■ **AIM OF THE TASK**
Pictures excluded, retype the lines from the one containing "GW夏季少儿拉丁舞服装女童标准规定服短袖丝绒分体比赛服考级演出" through the last line of the data below, both included.

━━━━━ STUDY MATERIAL

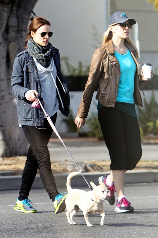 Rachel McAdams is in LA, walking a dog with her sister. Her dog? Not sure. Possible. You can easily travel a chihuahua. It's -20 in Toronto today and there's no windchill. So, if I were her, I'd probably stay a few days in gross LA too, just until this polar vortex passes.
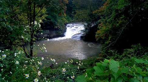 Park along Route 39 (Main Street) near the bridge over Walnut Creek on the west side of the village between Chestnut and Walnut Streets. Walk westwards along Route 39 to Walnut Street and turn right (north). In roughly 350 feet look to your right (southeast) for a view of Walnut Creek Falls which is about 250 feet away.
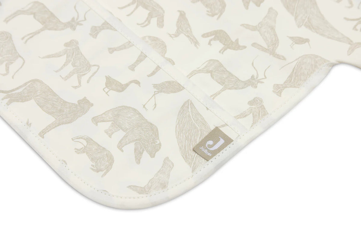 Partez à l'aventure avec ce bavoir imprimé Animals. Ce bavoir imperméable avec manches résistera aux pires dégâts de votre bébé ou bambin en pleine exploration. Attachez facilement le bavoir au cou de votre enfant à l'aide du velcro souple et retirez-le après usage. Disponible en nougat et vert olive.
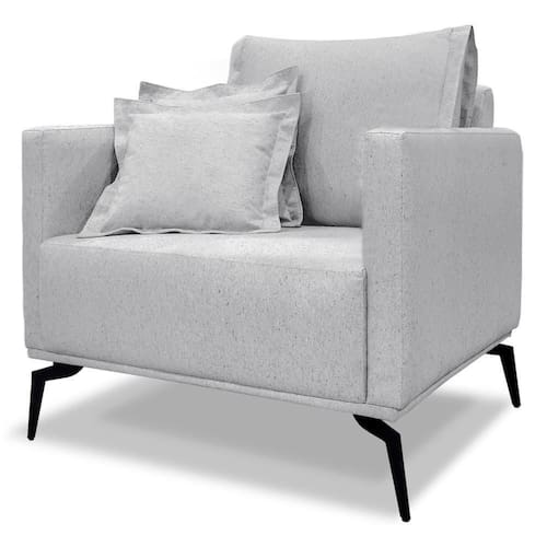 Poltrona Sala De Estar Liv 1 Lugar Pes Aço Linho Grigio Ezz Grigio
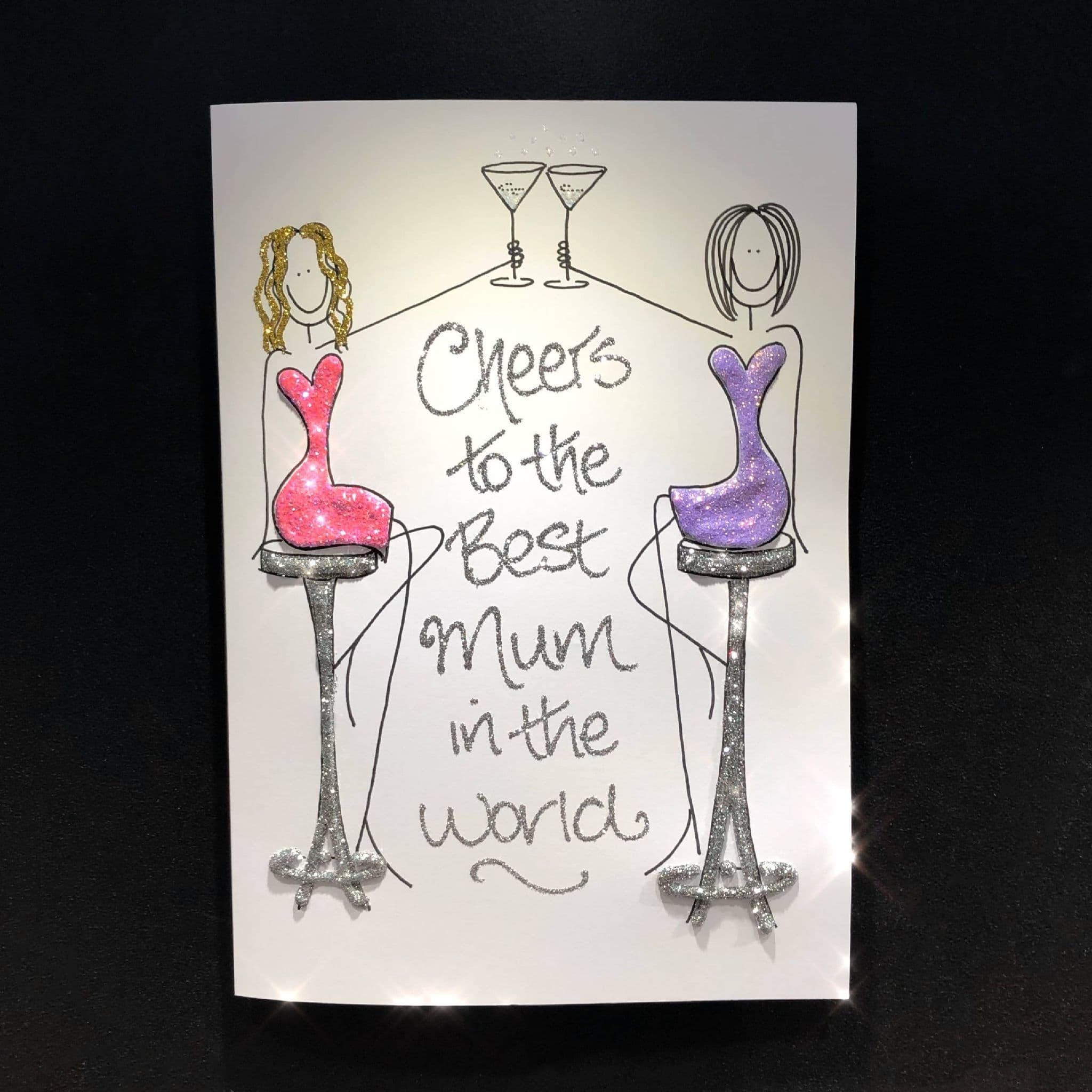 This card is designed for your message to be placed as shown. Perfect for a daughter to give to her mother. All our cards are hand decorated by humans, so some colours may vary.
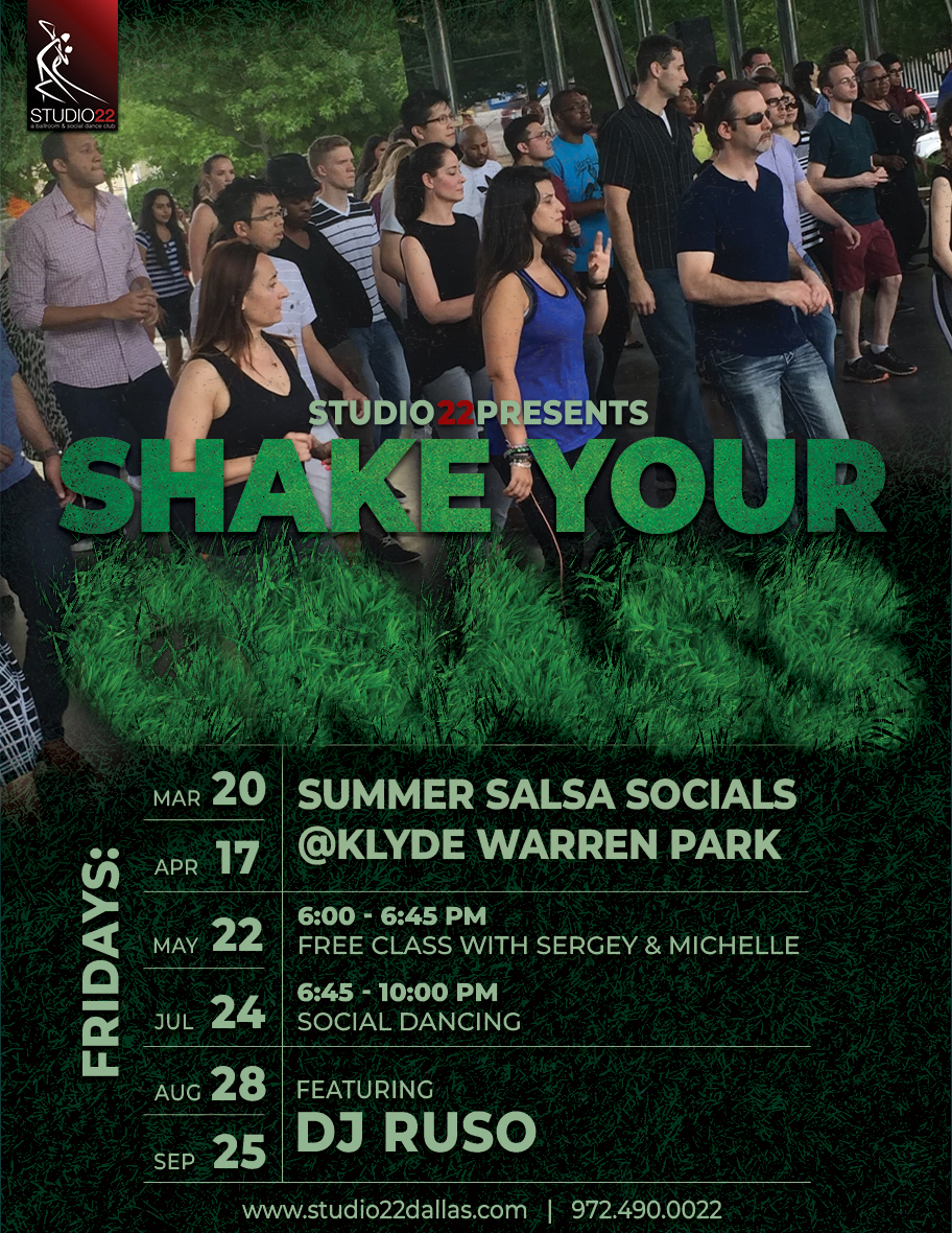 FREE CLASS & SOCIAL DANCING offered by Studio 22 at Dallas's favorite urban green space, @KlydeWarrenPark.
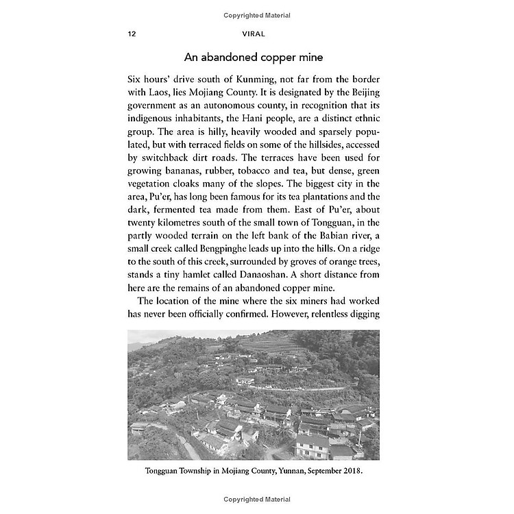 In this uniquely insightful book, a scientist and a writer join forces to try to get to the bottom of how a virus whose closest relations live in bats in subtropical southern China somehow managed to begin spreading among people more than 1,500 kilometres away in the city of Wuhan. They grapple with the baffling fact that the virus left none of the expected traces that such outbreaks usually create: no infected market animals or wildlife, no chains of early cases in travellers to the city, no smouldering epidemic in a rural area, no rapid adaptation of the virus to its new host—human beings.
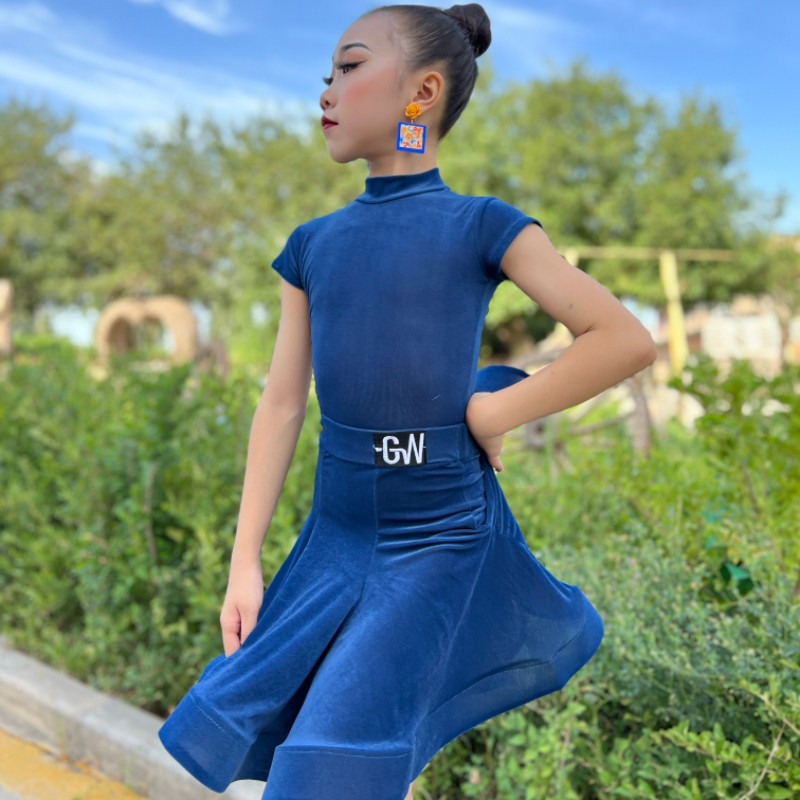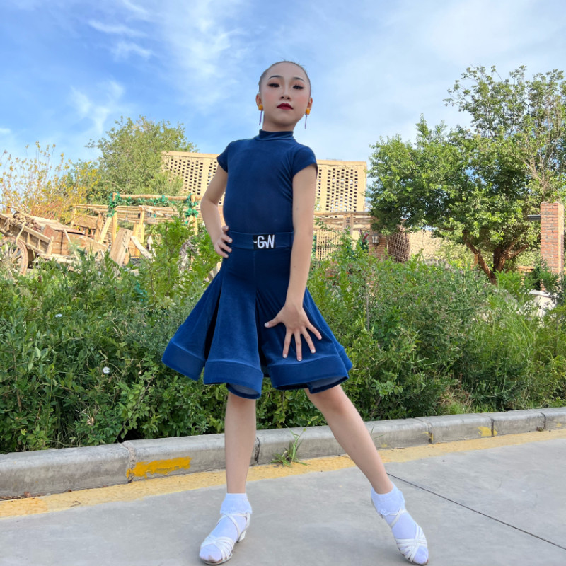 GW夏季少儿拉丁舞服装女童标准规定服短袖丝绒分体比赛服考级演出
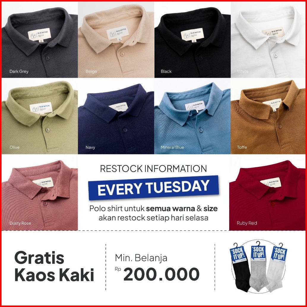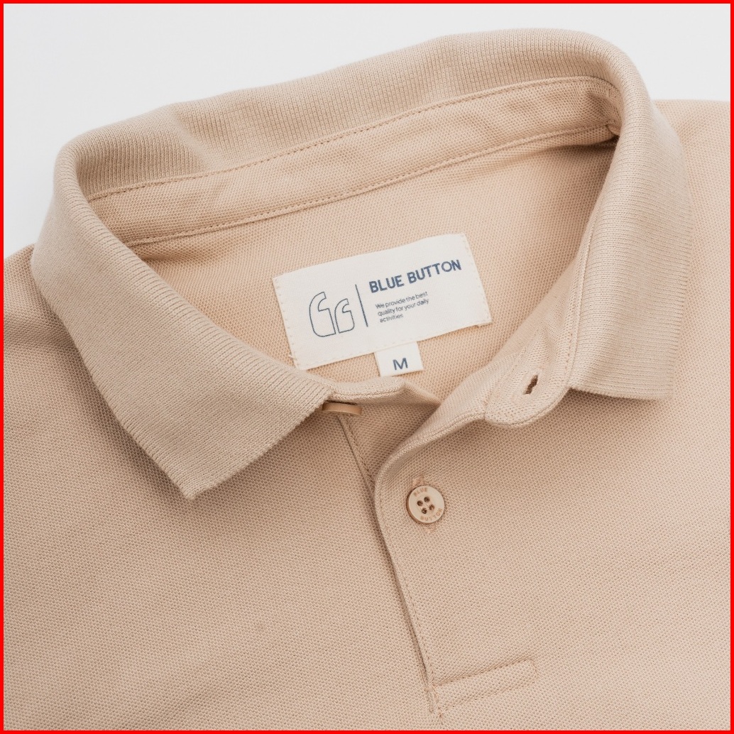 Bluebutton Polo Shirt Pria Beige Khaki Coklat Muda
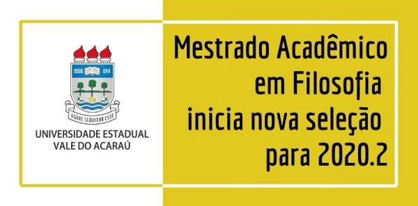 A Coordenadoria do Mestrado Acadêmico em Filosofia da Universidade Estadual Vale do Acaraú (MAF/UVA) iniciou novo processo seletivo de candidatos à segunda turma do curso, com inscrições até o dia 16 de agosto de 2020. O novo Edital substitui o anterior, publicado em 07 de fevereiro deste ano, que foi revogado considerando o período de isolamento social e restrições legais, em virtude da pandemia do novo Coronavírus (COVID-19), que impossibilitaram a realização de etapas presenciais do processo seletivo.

━━━━━━━━━━

■ **RESPONSE**
 GW夏季少儿拉丁舞服装女童标准规定服短袖丝绒分体比赛服考级演出
 Bluebutton Polo Shirt Pria Beige Khaki Coklat Muda
 A Coordenadoria do Mestrado Acadêmico em Filosofia da Universidade Estadual Vale do Acaraú (MAF/UVA) iniciou novo processo seletivo de candidatos à segunda turma do curso, com inscrições até o dia 16 de agosto de 2020. O novo Edital substitui o anterior, publicado em 07 de fevereiro deste ano, que foi revogado considerando o período de isolamento social e restrições legais, em virtude da pandemia do novo Coronavírus (COVID-19), que impossibilitaram a realização de etapas presenciais do processo seletivo.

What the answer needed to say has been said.